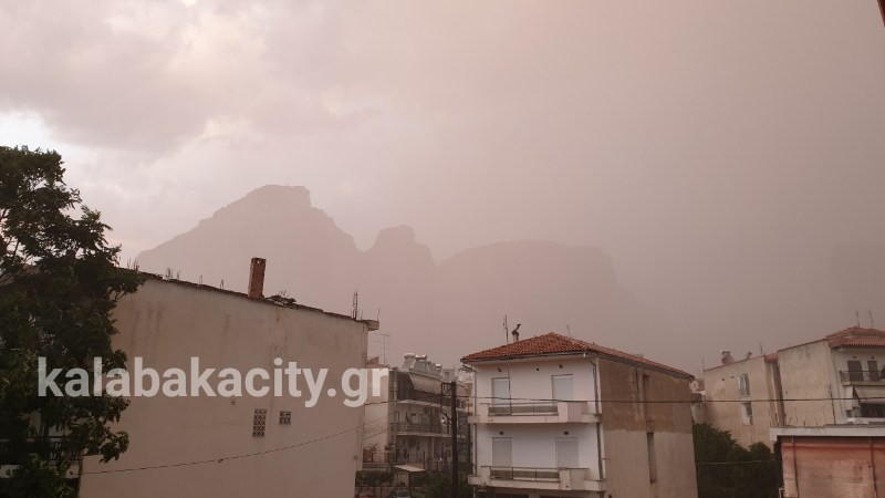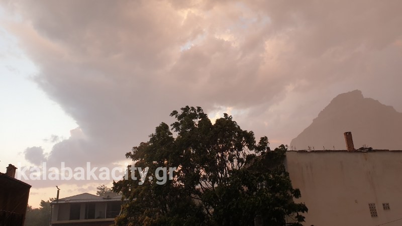 Καταιγίδα με δυνατή βροχή και αέρα πέρασε από την Καλαμπάκα σήμερα αργά το απόγευμα.
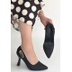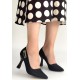 Cerin Siyah Saten Simli Topuklu Ayakkabı
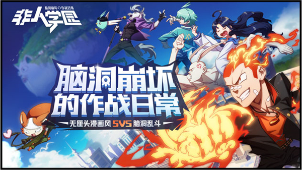 《非人學園》遵循MOBA類游戲。玩法上依舊是傳統的5v5推塔,單局時間也是基本是10-12分鐘的節奏。在傳統5V5推塔玩法之外,《非人學園》中增設了各類神秘道具寶箱、地圖機關機制,那些讓敵人臭到走不動路的臭雞蛋、可以摧毀停車場的龍卷風、瞬間變大好幾倍的超(xing)級(fen)藥劑……
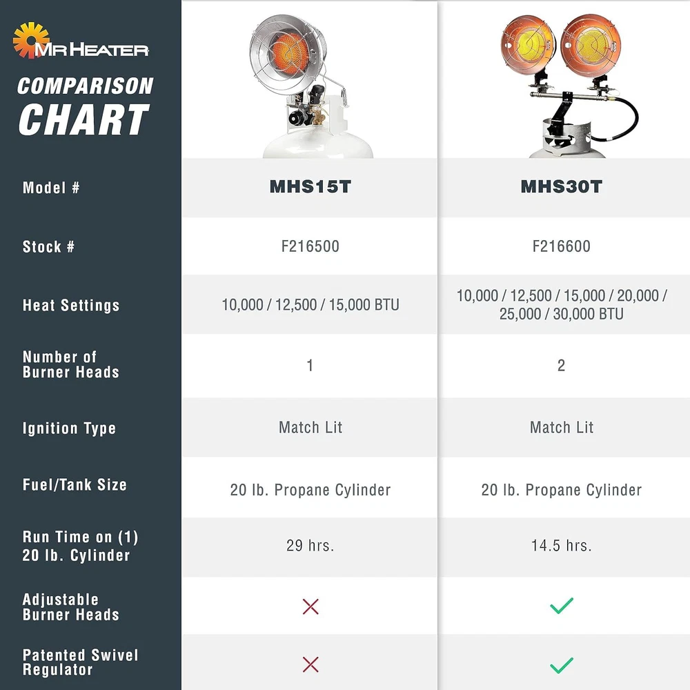 15,000 BTU Single Tank Top Portable Propane Radiant Heater,Grey/ Grey/ Silver Product Details Brand: Mr. Heater Special Feature: Portable Color: Grey/ Silver Form Factor: Dish Indoor/Outdoor Usage: Outdoor Power SourceHeating Method: gas_poweredRadiant Item WeightHeat Output: 1.37 Kilograms15000 British Thermal Units Single burner radiant propane heater mounts directly to a 20 lb tank for easy portability High-medium-low regulator: 15,000-12,500-10,000 BTUs Tip-over safety shut-off switch Approximate 29 hour run time on high with a 20 lb tank Easy match lit pilot - no electricity required Quiet burning Ideal for job sites, campsites, porches, tailgating, hunting, and ice fishing Outdoor use only The 10,000 - 15,000 BTU single tank top radiant propane heater is the perfect solution for reliable heat in a variety of outdoor applications. Easy and quiet operation, along with a tip-over safety shut-off will bring you peace of mind, whether at the job site, campsite, or tailgating for your favorite team. Features a soft nose P.O.L. and adjustable regulator with three heat settings - 10,000, 12,500 and 15,000 BTUs. Mounts directly to a 20 lb propane tank with up to a 29 hour run time on high.
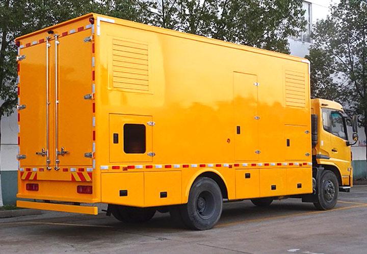 東風天錦500KW應急電源車功能特點:車廂內門口處配有消防滅火器, 車廂內配有煙感報警器、交直流防爆照明燈和應急燈, 還有輕松選取的接地釬和接地線, 以有效保證應急電源車的安全,在全車可以給出移動用電的同時,也能保證自身安全。能有效的抵抗雨雪天氣,能適應野外惡劣天氣,可連續發電至少10小時,工作能力強。智能監控系統:我廠供電車采取高科技數字控制元件,實現精確、數字化、無接觸控制,具有監控功能強、運行穩當性高等特點。適應性和通過性都非常強,適應于全天候的野外露天作業,而且能在極高、低溫和沙塵等惡劣的環境下工作。采取智能滅火系統,一旦發生火災,智能消防系統能立即本區域火災報警器上發出報警信號,可無人值守,減少工作人員的工作。空間大,設計人性化。
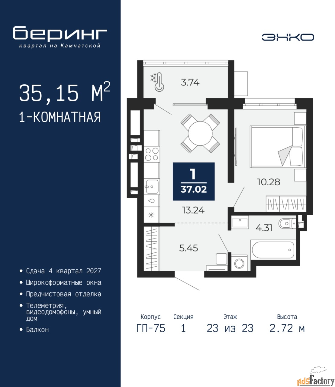 | Общая площадь (кв.м) | 35.15 |
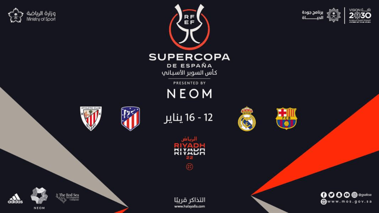 The Spanish Super Cup will be sponsored by NEOM and The Red Sea Development Company, according to the Kingdom’s Ministry of Sport, which confirmed the sponsorship on Wednesday. Atletico Madrid and Real Madrid, the La Liga champions and runners-up, and Barcelona and Athletic Bilbao, the Copa del Rey winners and runners-up, are the four clubs competing in the tournament.
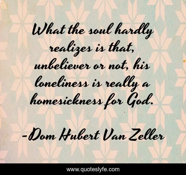 This page presents the quote "What the soul hardly realizes is that, unbeliever or not, his loneliness is really a homesickness for God.". Author of this quote is Dom Hubert Van Zeller. This quote is about god, soul, inspirational, enthusiasm,.
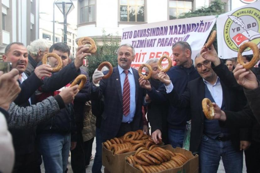 Gazeteci Osman Şahin FETÖ suçlamasıyla kazandığı 400 lira tazminatla halka ücretsiz simit dağıttı
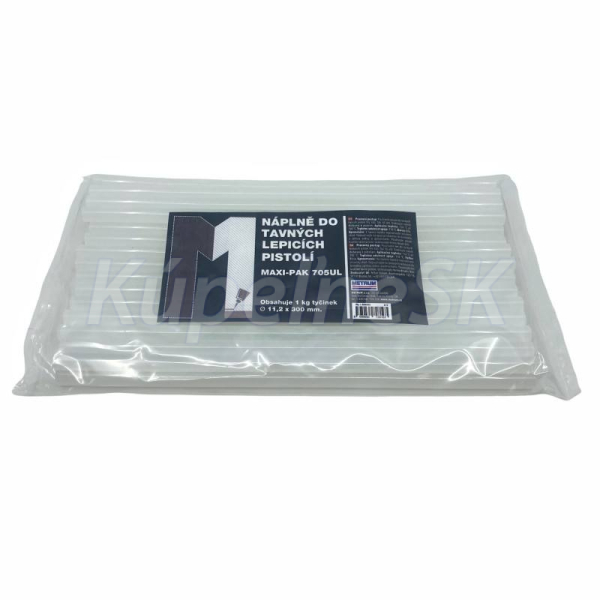 Tavná lepiaca tyčinka o priemere 11,2 mm dodávaná v sáčkovom balení 1 kg. Lepidlo je určené na lepenie roztavením v tavnej lepiacej pištoli, použitie na materiály podľa typu tavného lepidla. Balenie 30 cm tyčiniek obsahuje približne 34-35 ks.
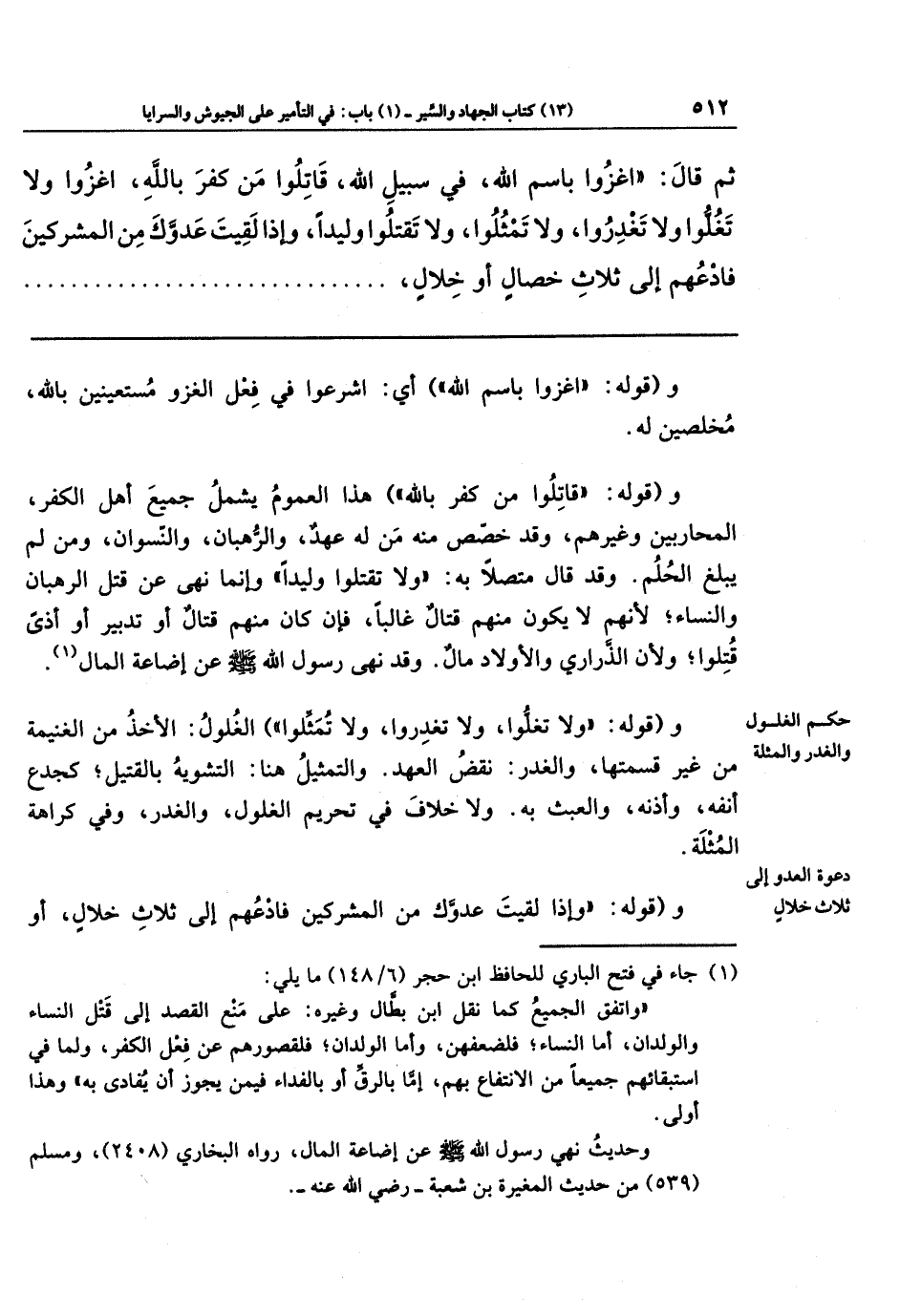 ثُمَّ قَالَ: اغزُوا بِاسمِ اللَّهِ، فِي سَبِيلِ اللَّهِ، قَاتِلُوا مَن كَفَرَ بِاللَّهِ، اغزُوا وَلَا تَغُلُّوا، وَلَا تَغدِرُوا، وَلَا تَمثُلُوا، وَلَا تَقتُلُوا وَلِيدًا، وَإِذَا لَقِيتَ عَدُوَّكَ مِن المُشرِكِينَ فَادعُهُم إِلَى ثَلَاثِ خِصَالٍ (أَو خِلَالٍ)،

□ □ □ □ □ □ □

### Task requirements
Drop the images and repeat the data exactly.

### Response to this task
 Καταιγίδα με δυνατή βροχή και αέρα πέρασε από την Καλαμπάκα σήμερα αργά το απόγευμα.
 Cerin Siyah Saten Simli Topuklu Ayakkabı
 《非人學園》遵循MOBA類游戲。玩法上依舊是傳統的5v5推塔,單局時間也是基本是10-12分鐘的節奏。在傳統5V5推塔玩法之外,《非人學園》中增設了各類神秘道具寶箱、地圖機關機制,那些讓敵人臭到走不動路的臭雞蛋、可以摧毀停車場的龍卷風、瞬間變大好幾倍的超(xing)級(fen)藥劑……
 15,000 BTU Single Tank Top Portable Propane Radiant Heater,Grey/ Grey/ Silver Product Details Brand: Mr. Heater Special Feature: Portable Color: Grey/ Silver Form Factor: Dish Indoor/Outdoor Usage: Outdoor Power SourceHeating Method: gas_poweredRadiant Item WeightHeat Output: 1.37 Kilograms15000 British Thermal Units Single burner radiant propane heater mounts directly to a 20 lb tank for easy portability High-medium-low regulator: 15,000-12,500-10,000 BTUs Tip-over safety shut-off switch Approximate 29 hour run time on high with a 20 lb tank Easy match lit pilot - no electricity required Quiet burning Ideal for job sites, campsites, porches, tailgating, hunting, and ice fishing Outdoor use only The 10,000 - 15,000 BTU single tank top radiant propane heater is the perfect solution for reliable heat in a variety of outdoor applications. Easy and quiet operation, along with a tip-over safety shut-off will bring you peace of mind, whether at the job site, campsite, or tailgating for your favorite team. Features a soft nose P.O.L. and adjustable regulator with three heat settings - 10,000, 12,500 and 15,000 BTUs. Mounts directly to a 20 lb propane tank with up to a 29 hour run time on high.
 東風天錦500KW應急電源車功能特點:車廂內門口處配有消防滅火器, 車廂內配有煙感報警器、交直流防爆照明燈和應急燈, 還有輕松選取的接地釬和接地線, 以有效保證應急電源車的安全,在全車可以給出移動用電的同時,也能保證自身安全。能有效的抵抗雨雪天氣,能適應野外惡劣天氣,可連續發電至少10小時,工作能力強。智能監控系統:我廠供電車采取高科技數字控制元件,實現精確、數字化、無接觸控制,具有監控功能強、運行穩當性高等特點。適應性和通過性都非常強,適應于全天候的野外露天作業,而且能在極高、低溫和沙塵等惡劣的環境下工作。采取智能滅火系統,一旦發生火災,智能消防系統能立即本區域火災報警器上發出報警信號,可無人值守,減少工作人員的工作。空間大,設計人性化。
 | Общая площадь (кв.м) | 35.15 |
 The Spanish Super Cup will be sponsored by NEOM and The Red Sea Development Company, according to the Kingdom’s Ministry of Sport, which confirmed the sponsorship on Wednesday. Atletico Madrid and Real Madrid, the La Liga champions and runners-up, and Barcelona and Athletic Bilbao, the Copa del Rey winners and runners-up, are the four clubs competing in the tournament.
 This page presents the quote "What the soul hardly realizes is that, unbeliever or not, his loneliness is really a homesickness for God.". Author of this quote is Dom Hubert Van Zeller. This quote is about god, soul, inspirational, enthusiasm,.
 Gazeteci Osman Şahin FETÖ suçlamasıyla kazandığı 400 lira tazminatla halka ücretsiz simit dağıttı
 Tavná lepiaca tyčinka o priemere 11,2 mm dodávaná v sáčkovom balení 1 kg. Lepidlo je určené na lepenie roztavením v tavnej lepiacej pištoli, použitie na materiály podľa typu tavného lepidla. Balenie 30 cm tyčiniek obsahuje približne 34-35 ks.
 ثُمَّ قَالَ: اغزُوا بِاسمِ اللَّهِ، فِي سَبِيلِ اللَّهِ، قَاتِلُوا مَن كَفَرَ بِاللَّهِ، اغزُوا وَلَا تَغُلُّوا، وَلَا تَغدِرُوا، وَلَا تَمثُلُوا، وَلَا تَقتُلُوا وَلِيدًا، وَإِذَا لَقِيتَ عَدُوَّكَ مِن المُشرِكِينَ فَادعُهُم إِلَى ثَلَاثِ خِصَالٍ (أَو خِلَالٍ)،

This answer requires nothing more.